Power consumption on Idle for these top tier phenom II X4 chips is amazing considering they're a couple generations behind intel, it's only 2 watts more than the core i5 2500!  Load power is a bit dissappointing, but you can undervolt these chips quite a bit from stock and save considerable amounts of wattage.

Like you said it's crazy to buy these chips now for brand new systems, but as an upgrade later on (which I plan to upgrade from my athlon II X2 250, eventually) these chips still have a lot of life left in them.


----------



## trt740 (Jun 15, 2011)

Pijoto said:


> Power consumption on Idle for these top tier phenom II X4 chips is amazing considering they're a couple generations behind intel, it's only 2 watts more than the core i5 2500!  Load power is a bit dissappointing, but you can undervolt these chips quite a bit from stock and save considerable amounts of wattage.
> 
> Like you said it's crazy to buy these chips now for brand new systems, but as an upgrade later on (which I plan to upgrade from my athlon II X2 250, eventually) these chips still have a lot of life left in them.

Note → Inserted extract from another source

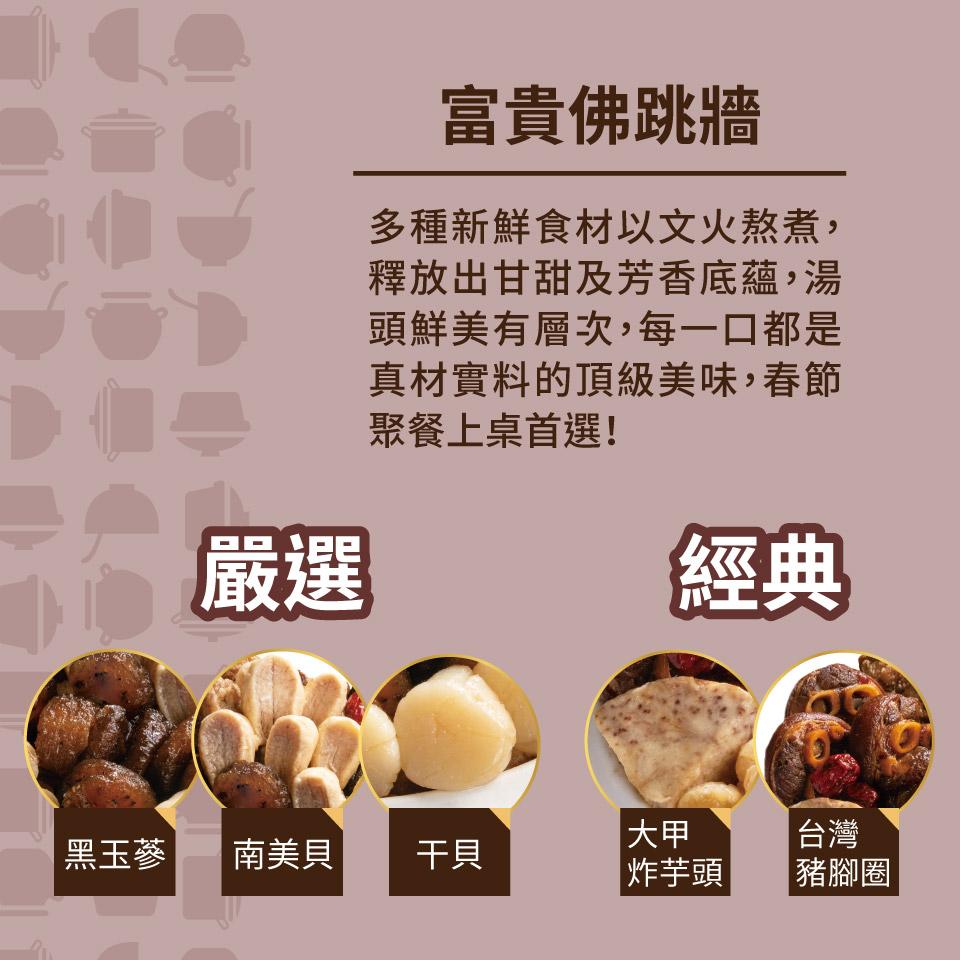 早鳥價【KKLife】富貴佛跳牆 2800g/盒(固形量1400g) 原價$2500 優惠 $1350 分享 : 紅利回饋1% 滿額免運 加入購物車 數量 原價$2500 優惠$1350 滿2500元免付運費220元

I agree as a upgrade for existing AMD sytems they make sense, but not as a new system build.


----------



## Chef_uk (Jul 30, 2011)

*Current System*
*Mobo*: M2N-SLI DELUXE (BIOS Flashed)
*CPU*: AMD Athlon 64 X2 3.2Ghz Dual Core
*Mem*: 2GB DDR2
*GPU*: NVIDIA GeForce 8800 GTX
*PSU*: Corsair HX620

Hi guys, first post here but have read the reviews over the years 

I'm thinking of buying one of these to upgrade my old BF2 rig so it can play BF3. I'm thinking of coupling it with either an MSI ATI Radeon HD 6870 OR Asus GeForce GTX 560. My Budget is £300 so think i'm limited with what i can upgrade to gain maximum performance for BF3 without the need of a smaller upgrade down the line. Any thoughts?


----------